Part of the Advanced Diplomatic Webinars series.
The webinar addressed the development of radio broadcast.
The basis for radio broadcasting was created by scientific and technological breakthroughs in wireless communication. Both Marconi and Reginald Fessenden, who in 1906 managed to transfer sound over radio waves, were attempting to create a wireless telephone. In line with the principle of unintended consequences, their pursuit resulted in something else. This, as David Sarnoff has suggested, was a ‘radio music box’. The technological basis developed for wireless telephony was used in one-way radio broadcasting.
Orson Welles’s radio episode The War of the Worlds was an early example of the power of radio broadcasting. His ‘announcement’ of the start of the war with the Martians created panic in the United States.

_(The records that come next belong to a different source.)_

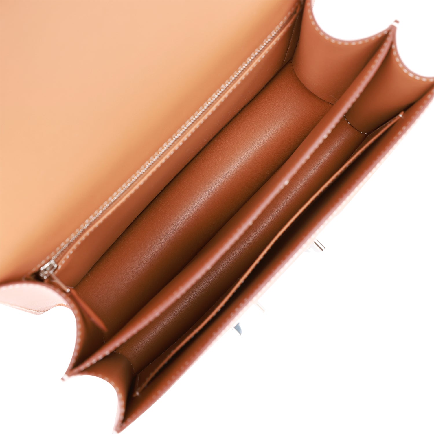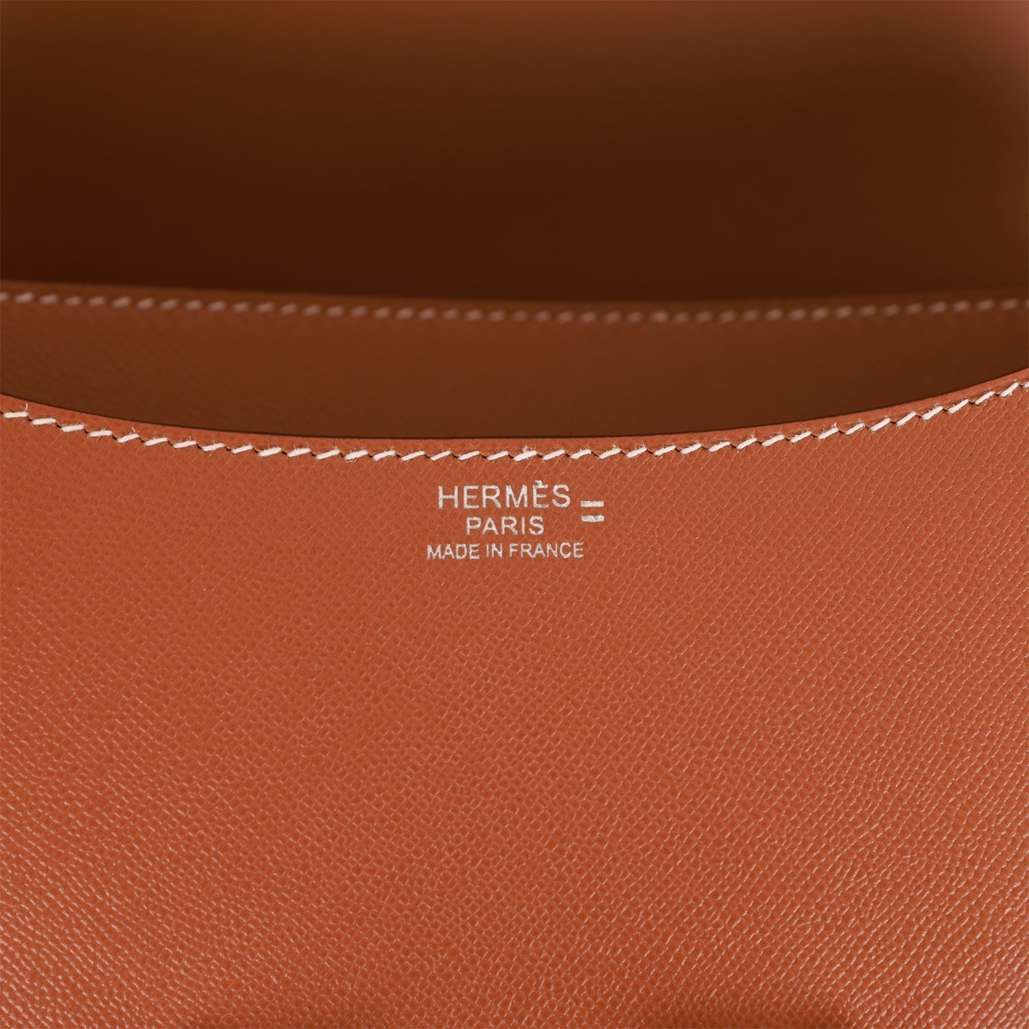The interior is lined with gold lambskin leather and has a zip pocket with an Hermes engraved pull.
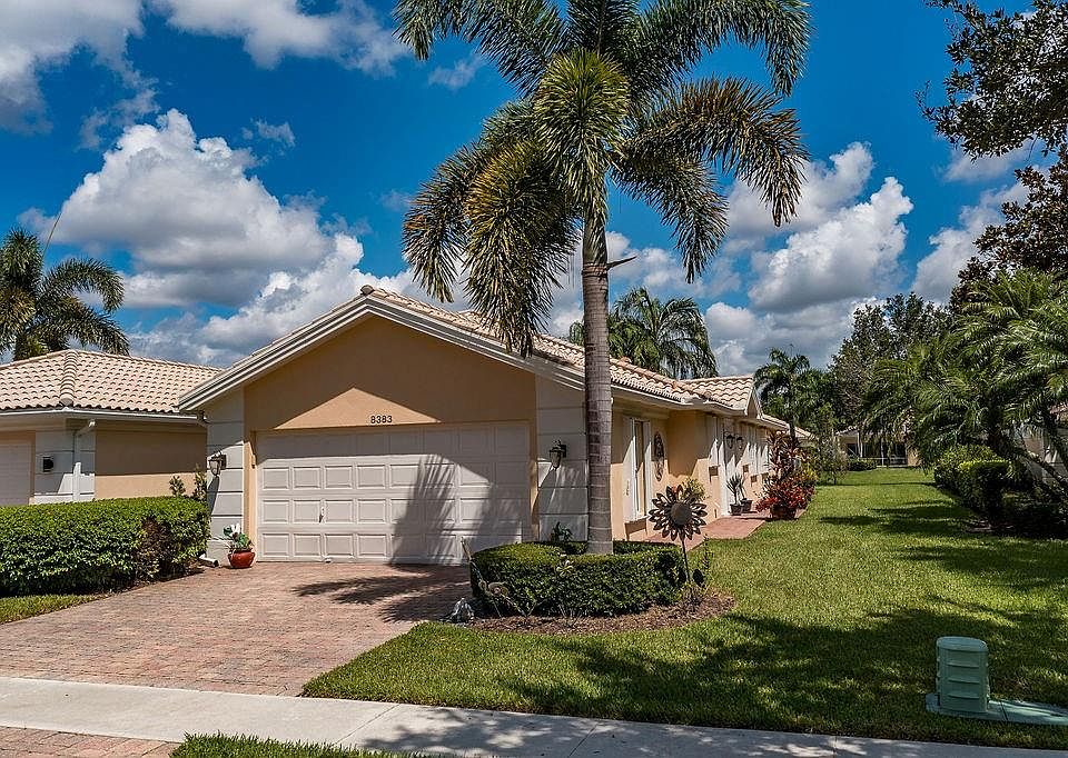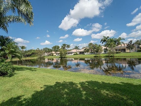 Extended Waterfront Capri Model. Builder is Davosta. Magnificent waterfront views from spacious great room & primary bedroom. Open kitchen with breakfast bar & nook. Formal dining room. Private guest suite. Utility room with cabinets, closet & sink. Property is on an easement, which makes the lot nice & larger. Engineered wood floors. No carpet. Newer AC. Kitchen appliances & the washer machine are all newer. One owner. Both bedrooms are ensuite. Primary bathroom has been remodeled. 2 pools in the community – 1 lap pool & 1 resort pool. Clubhouse also features a dog grooming, hair salon & restaurant. Excellent schools! Community is man gated. Seller paved the walkway, extended pavers & retractable awning on patio. Kitchen sink & countertops are granite. Sink is chocolate brown. Will not last!!
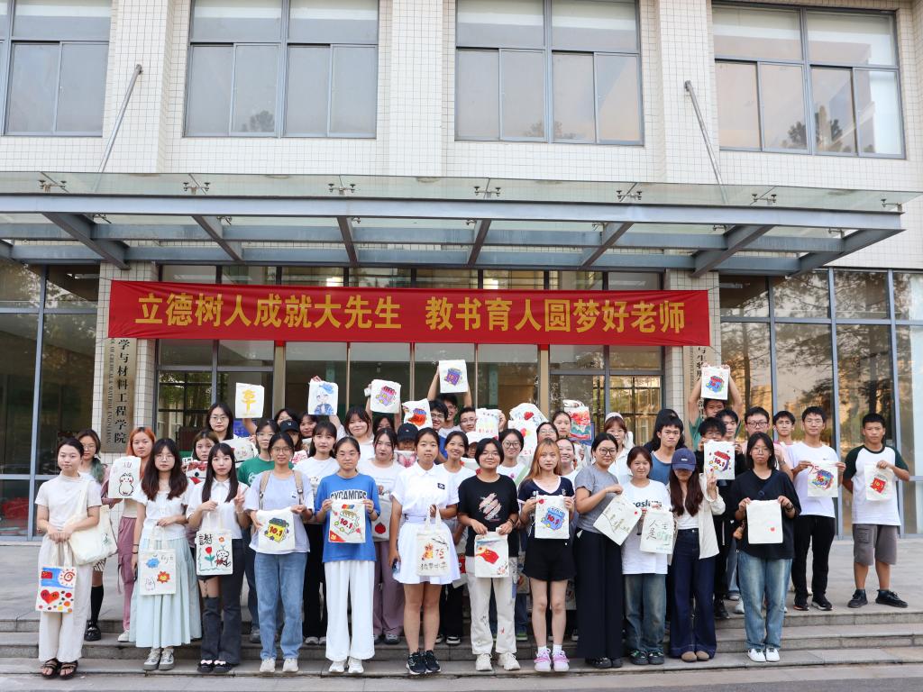 活动稍早前,学院还开展了“喜迎国庆,笔绘祖国”手绘帆布包活动,绘画过程中,同学们彼此讨论如何搭配色彩,共同绘制出对祖国的祝福,一幅幅生动的爱国图案在帆布包上逐一显现,传递了他们对祖国的无限热爱和深情祝福。大家手捧着创作完成的帆布包,脸上洋溢着幸福的笑容。
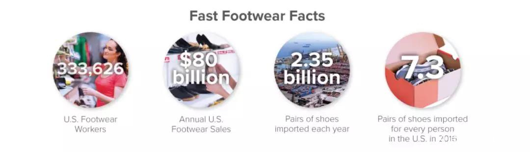 目前,美國鞋產品年消費量在20億雙以上,其中約95%依靠進口,而其中超過一半都來自中國。據FRDA數據,2016年,美國平均每人消費了7.3雙進口鞋。
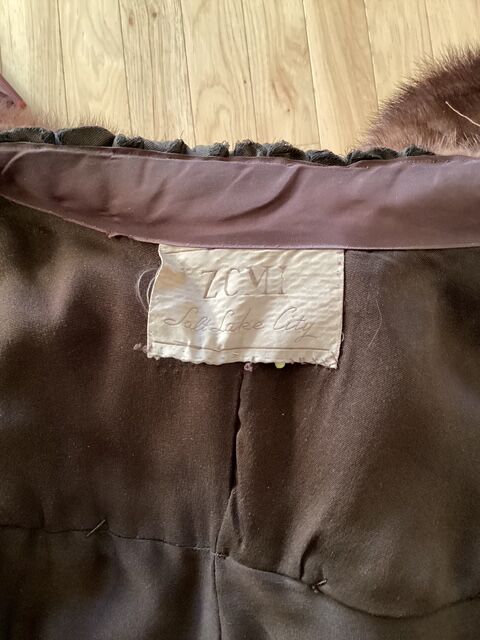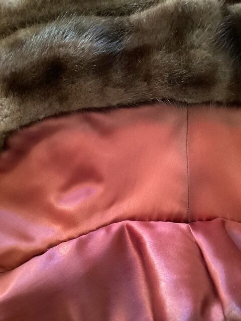 This Vintage Woman's Genuine Brown Mink Fur Cape is in Excellent Condition and is Beautiful. The fur is sewn in layers each with it's own lining and then together. It drapes over the shoulders crosses in front and gracefully hangs down. The inner lining throughout the cape is in good condition, and is the color shown in the picture. The purchase tag shown in one photo is lose on one side, but don't see anything else that is unsowen. There is a pocket on each side of the cape that hangs down. Good for holding glasses, keys, small coin purse or etc. There are two straps that are used to put your arm through as you put on the cape, or can be used to hang on the hanger. The hanger shown will go with it.
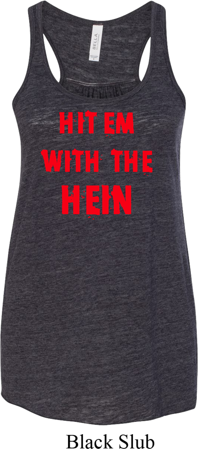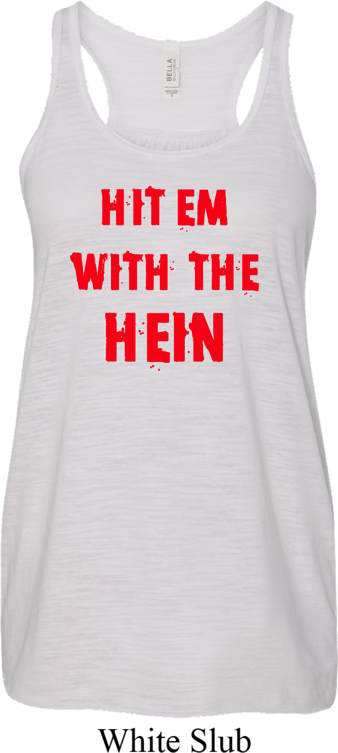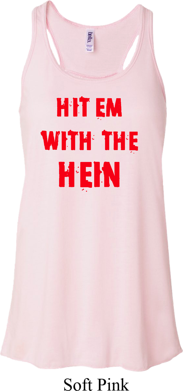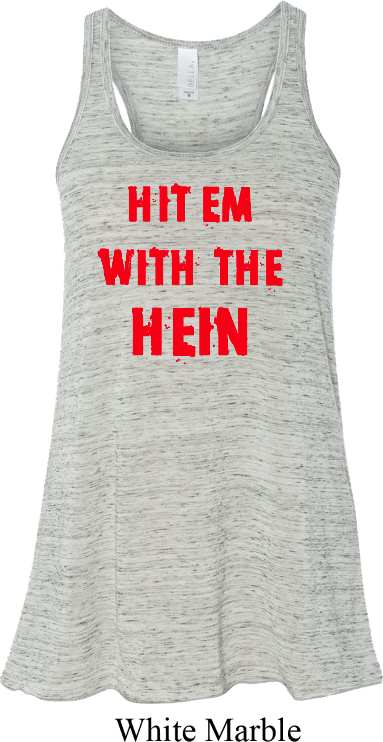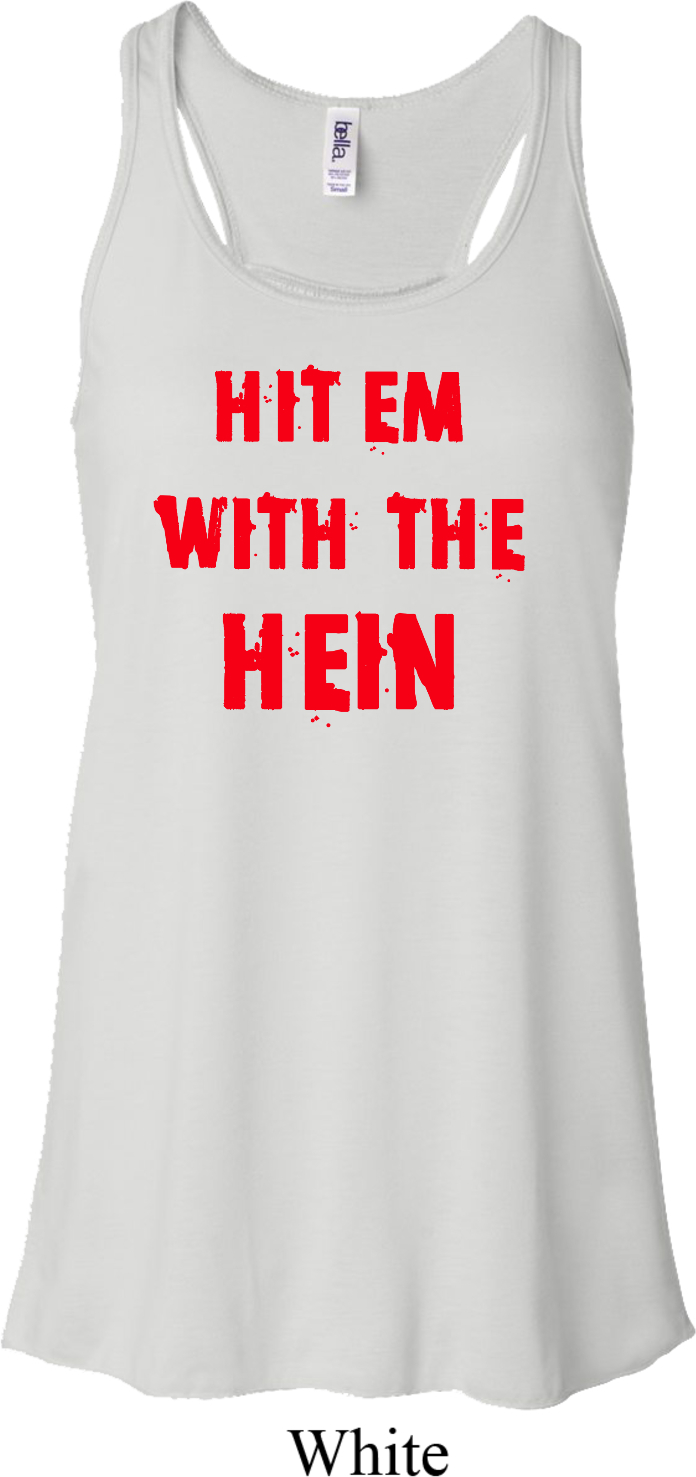| | Ladies Funny Tank Top Hit em with the Hein Flowy RacerbackA ladies flowy racerback with a scrunch back featuring the funny saying Hit 'em with the Hein in red lettering. Solid colors are made of poly/rayon; Marble colors are made of poly/cotton; Stripe colors are made of rayon/poly. Available in sizes Small through 2XL. Machine wash cold with like colors; dry low heat. ![]() |
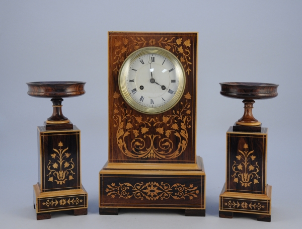GARNITURE de CHEMINÉE en bois de placage et marqueterie florale, composée d'une pendule en borne et de deux vasques sur gaine.
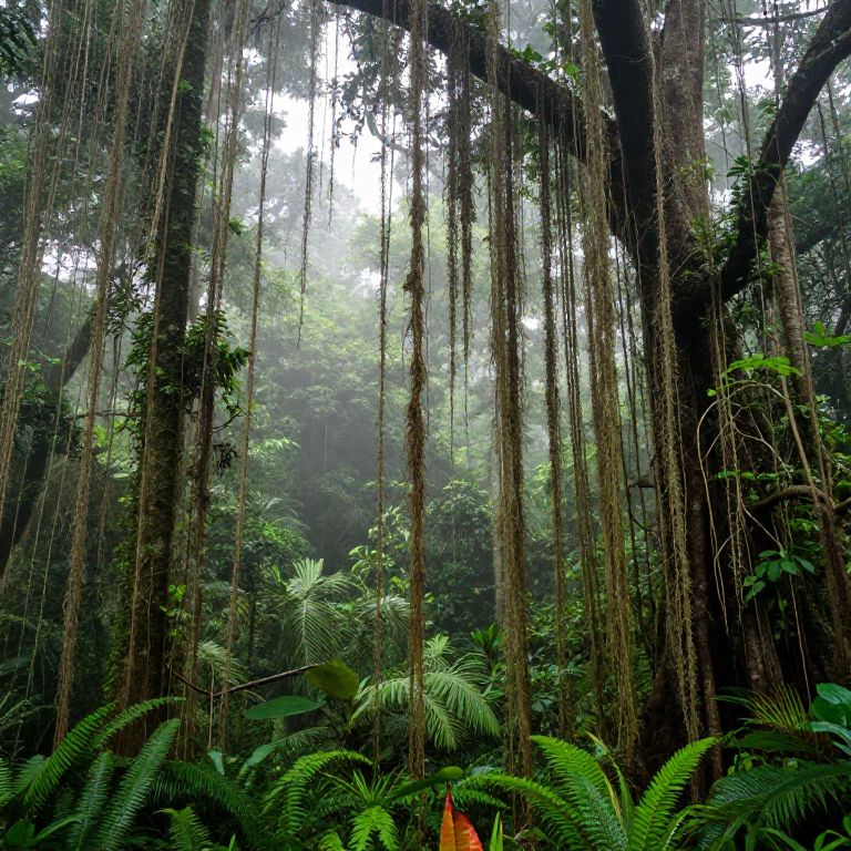 A panoramic view of a dense rainforest with countless lianas hanging and wrapping around tall trees, foggy ambiance with soft diffused light, illustrating the diverse ecosystem where lianas play a critical role, highlighting vibrant plants and majestic natural growth.
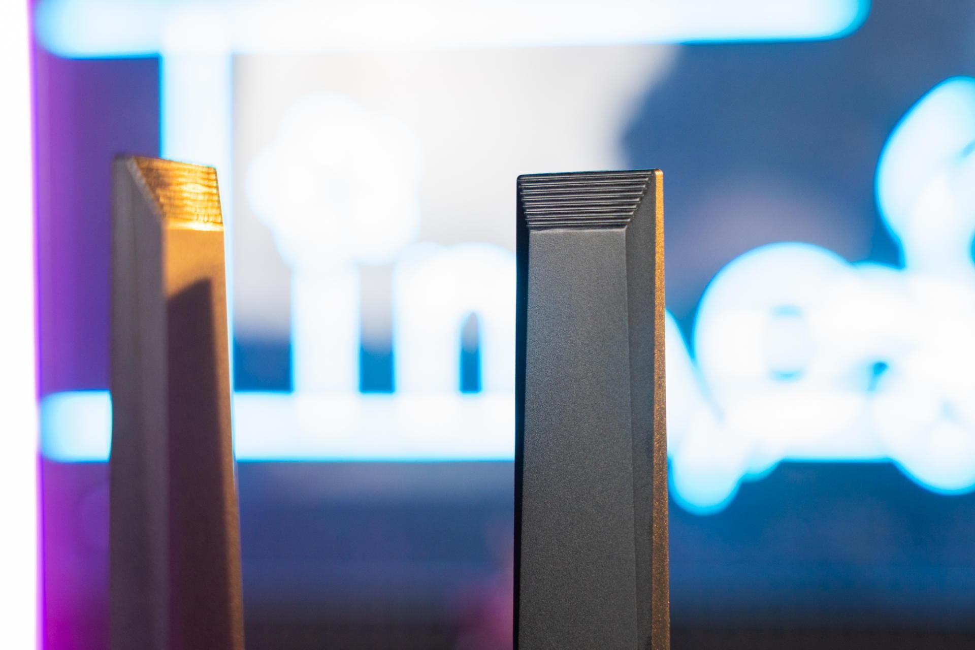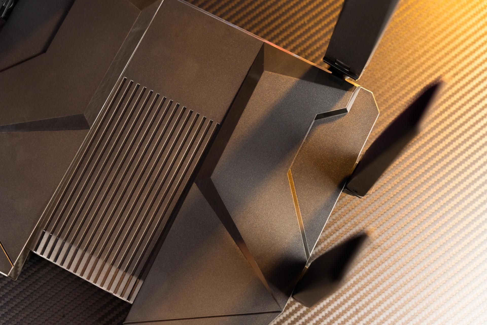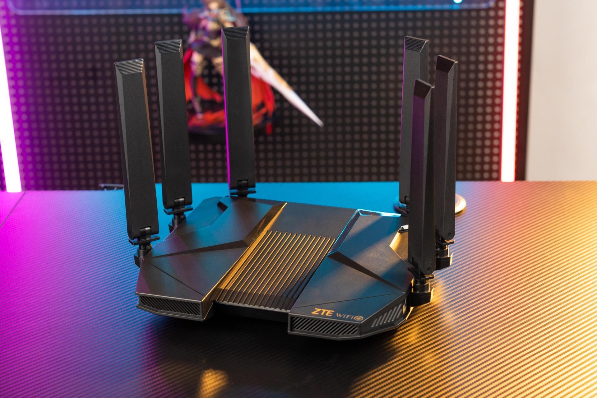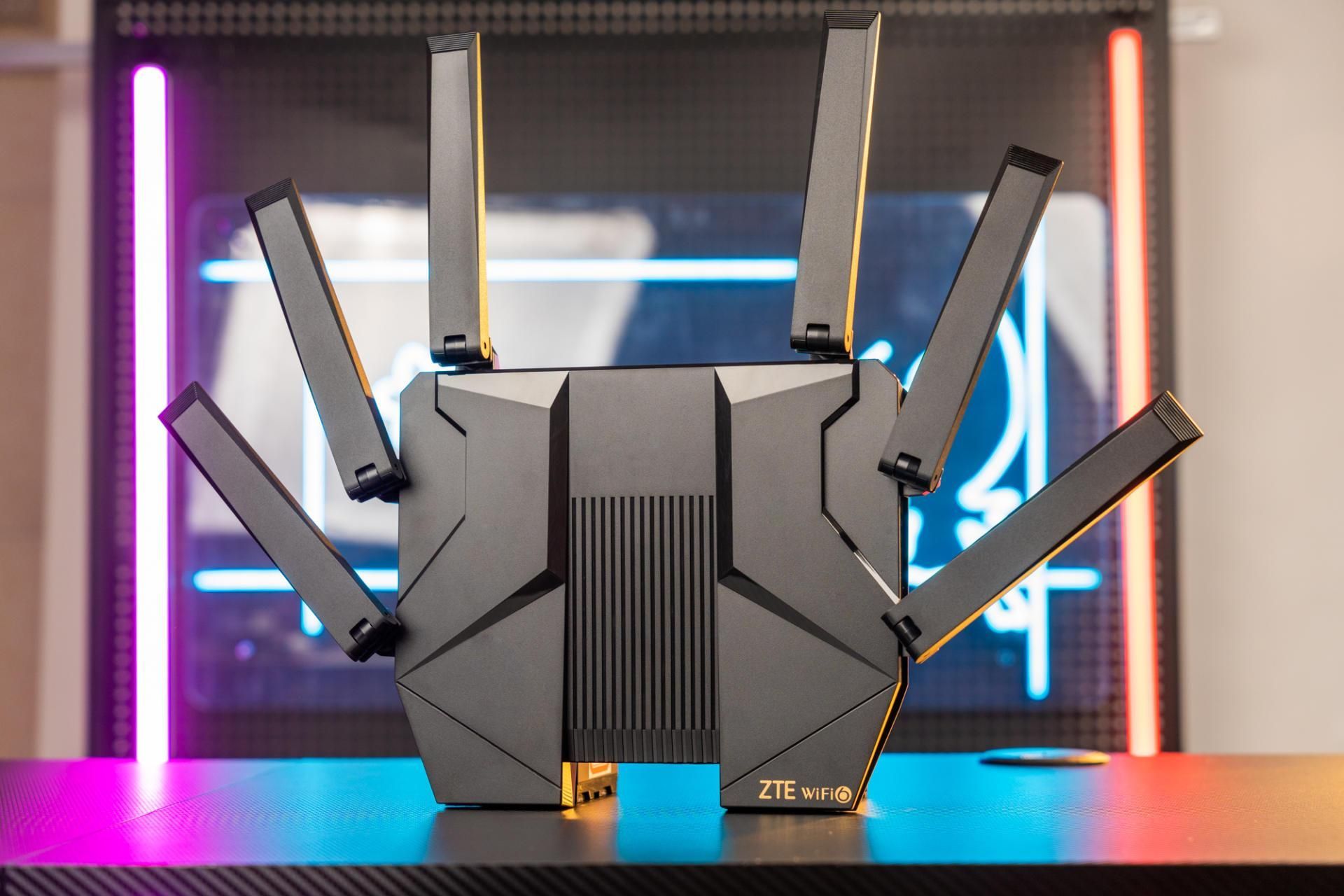 整个路由器给我的外观就非常的硬朗,科技风。一点都没有圆润的百元家用路由器感觉,外观看起来非常像一个飞行的战机,科技感满满,个人感觉在路由器外观设计之中,中兴的这一个设计算得上是中上水平了。

Radio broadcasting confirms that usually technological advances coexist with previous innovations, in spite of various ‘endism’ predictions. Traditional mail was not replaced by the telegraph. The telephone did not ‘kill’ the telegraph. Radio coexists with TV. In fact, with the exception of the telegraph, most communication innovations introduced during the last two centuries, including mail, the telephone, radio, TV, and fax are still in widespread use today. Mail, one of the oldest organised communication methods, is a growing business even today (e.g. DHL, FedEx). Radio broadcasting gets its renaissance on the Internet with thousands of radio channels broadcasted online.